Consider $\mathcal{F}$ and $\mathcal{G}$ are two continuous distributions and that $\mathcal{G}$ is more dispersed than $\mathcal{F}$ in the sense of satisfying:

$$(1)\quad F^{-1}(\beta)-F^{-1}(\alpha)\leq G^{-1}(\beta)-G^{-1}(\alpha),\quad \forall 0< \alpha < \beta <1.$$

Then, we know (Kochar (2012), eq. 2.16) that (1) is equivalent to

$$(2)\quad\frac{F^\prime(x)}{G^\prime G^{-1}F(x)}\geq 1.$$ (I call the left hand side of (2) the Doksum ratio after (Doksum 1969))

Now consider the ratio:

$$(3)\quad\gamma(\mathcal{F},\mathcal{G})=\underset{x:F^\prime(x)>0}{\min}\;\frac{F^\prime(x)}{G^\prime G^{-1}F(x)}$$

For many distributions I find that, for fixed $\mathcal{F}$, $\gamma(\mathcal{F},\mathcal{G})$ can be made arbitrary large by shifting/rescaling $\mathcal{G}$.

For example, for the normal, student t, Weibull, gamma I find that $\gamma(\mathcal{F},\mathcal{G})$ is an increasing function of $\text{Var}(\mathcal{G})$.

My question is this: Is it always so that for fixed $\mathcal{F}$, $\gamma(\mathcal{F},\mathcal{G})$ can be made arbitrarily large by re-scaling/shifting $\mathcal{G}$?

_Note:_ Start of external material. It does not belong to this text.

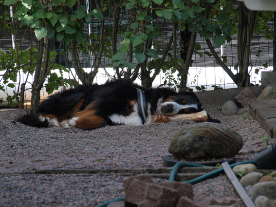 Seuraavalla viikolla äiskä ja iskä lähti Parselonaan. Siä ku lämpötila huiteli kolmessakymmenessä selsiuksessa, ni mää päätin jäärä kotikulmille ja pääsinkin taas Saskan luakse kortteeraan. Juhan kanssa meillä oli semmonen piäni kilpailu. Juha nääs teki klapeja, jotka se sitten kanto varastoon sateensuajaan. Mää olin vahvasti sitä miältä, että ne valmiit klapit olis ollu viisaampaa jättää vaan siihen pihalle säiren armoille. Sen takia mää raijasin siältä varastosta niitä klapeja sitä mukaa takasin ulkotiloihin, ku Juha kanto niitä sisälle. No, loppujen lopuks mää annoin Juhan voittaa ja se sai kaikki lämmöntuattajat pinottua varastoon. Saska osallistu tähän kisaaan ainoostaan pualueettomana sivustakatsojana, se ku ei varmaan oikeen tiänny kumman pualelle se olis asettunu. Toinen juttu mistä mää en kyä valita, mutta kyä se pikkasen kyrsi. Nääs nääs, normaalia arkee ku siinä Saskan lauman kanssa elettiin, ni aamulenkit alko suunnilleen kello kuuren paikkeilla. Määhän oon tottunu niihin kellonlyämiin vetään viä täysiä sikeitä. Kyä meillä kotonakin joku saattaa touhuta samoihin aikoihin, mutta mää käännän vaan kylkee taikka otan muuten vaan paremman asennon ja jatkan unien kattelemista. Mulle noin aikaset aamulenkit on enempi unissakävelyä. Mutta niinkun sanoin, em mää valita, kyä Saskan ja sen lauman kanssa aina sattuu ja tapahtuu, eikä mulla parempaa äiskän ja iskän lomareissujen aikasta hoitopaikkaa vois olla. Juhan porukka onki virallisesti luakiteltu mun varaperheeks.

It is geometrically obvious that shifting $G$ changes nothing and that rescaling will rescale the denominator by the same factor--it's merely a matter of keeping track of units of measurement. The following is a rigorous algebraic demonstration. Your conclusion follows immediately.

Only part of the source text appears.